- Wingellina
- Interactive map of Wingellina
- Coordinates: 26°04′S 128°56′E﻿ / ﻿26.07°S 128.93°E
- Country: Australia
- State: Western Australia
- LGA: Shire of Ngaanyatjarraku;
- Location: 1,700 km (1,100 mi) north east of Perth; 236 km (147 mi) east of Warburton; 712 km (442 mi) south west of Alice Springs;

Government
- • State electorate: North West Central;
- • Federal division: O'Connor;

Area
- • Total: 18.8 km^{2} (7.3 sq mi)
- Elevation: 676 m (2,218 ft)

Population
- • Total: 133 (SAL 2021)
- Time zone: UTC+9:30 (ACST)
- Postcode: 0872

= Wingellina, Western Australia =

Community in Western Australia

Wingellina or Irrunytju Community is a small Indigenous Australian community in Western Australia located about 1700 km north east of Perth near the Western Australian-South Australian border in the Goldfields–Esperance region of Western Australia. The local language of Wingellina is Pitjantjatjara.

Surrounded by large granite hills with mulga and mallee country, the community maintains many traditional activities such as hunting and gathering bush tucker as well as making many carved wooden artefacts.

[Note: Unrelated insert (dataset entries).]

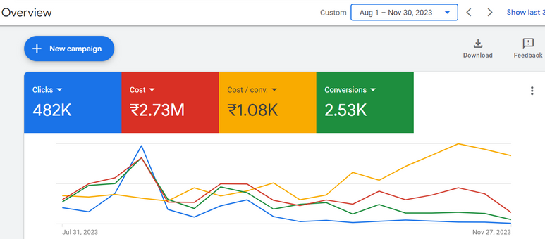 Cost per conversion decresed by half in just 3 months, and Conversion increased by 60%.
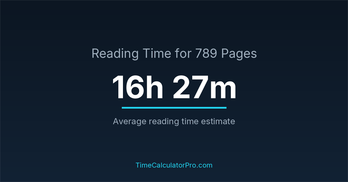 Reading 789 pages takes about 16 hours and 27 minutes.
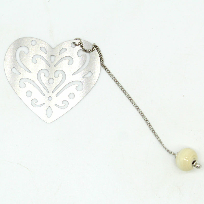 Le cœur est inséré dans le livre pour marquer la page, la chaine fine avec la perle se positionne à l'extérieur
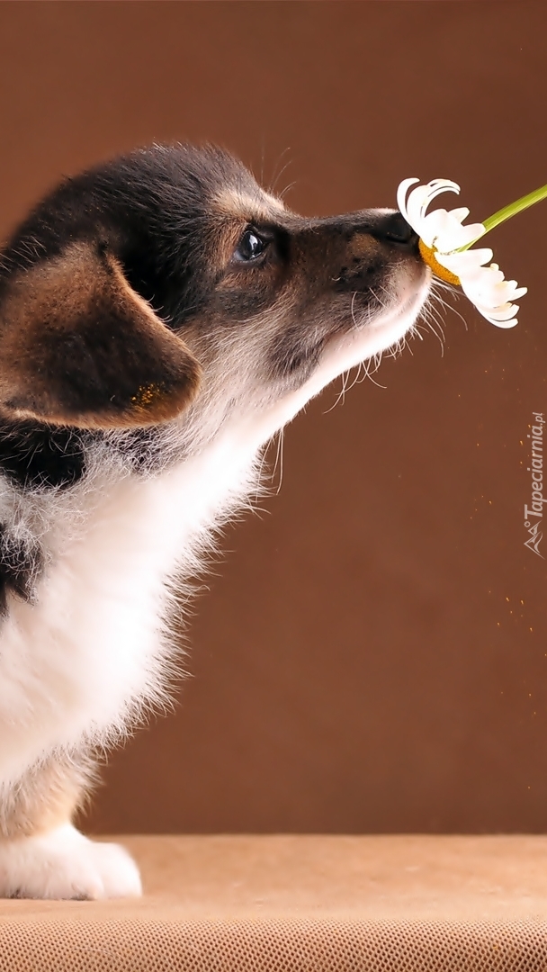 Edytor tapety: Szczeniak wąchający kwiatek
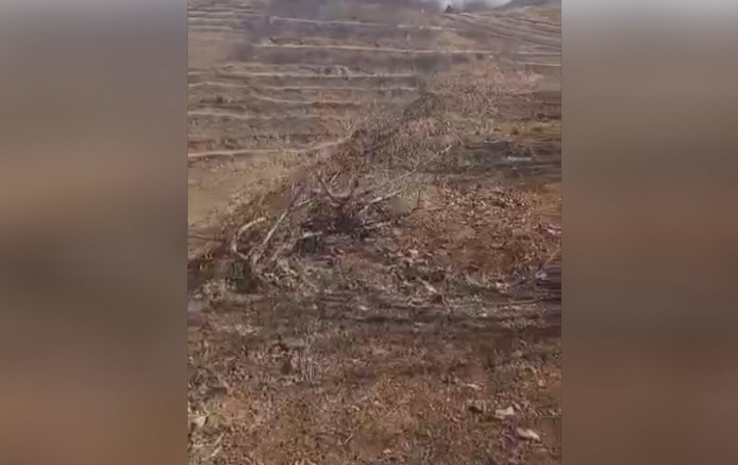 دارەکانی باخی مامۆستایەکی ئایینی لە سنە بڕدرانەوە و ئاگر لە خانووی نێو باخەکەی بەردرا.

The community is situated 12 km southwest of the Surveyor Generals Corner near the border in the Gibson Desert and Great Victoria Desert between the Northern Territory, South Australia and Western Australia.

== History ==
The community was established in the 1980s and was composed mainly of people from the Warburton mission. These people still have spiritual and ancestral ties to many parts of the region. Like other communities in the area, many came from South Australia because of rocket testing at Woomera.

== Town planning ==
Wingellina Layout Plan No.1 has been prepared in accordance with State Planning Policy 3.2 Aboriginal Settlements. It currently exists in draft format only, having not been endorsed by the community. The map set is viewable at Planning Western Australia's website.

== Native title ==
The community is located within the determined Ngaanyatjarra Lands (Part A) native title claim (WC04/3).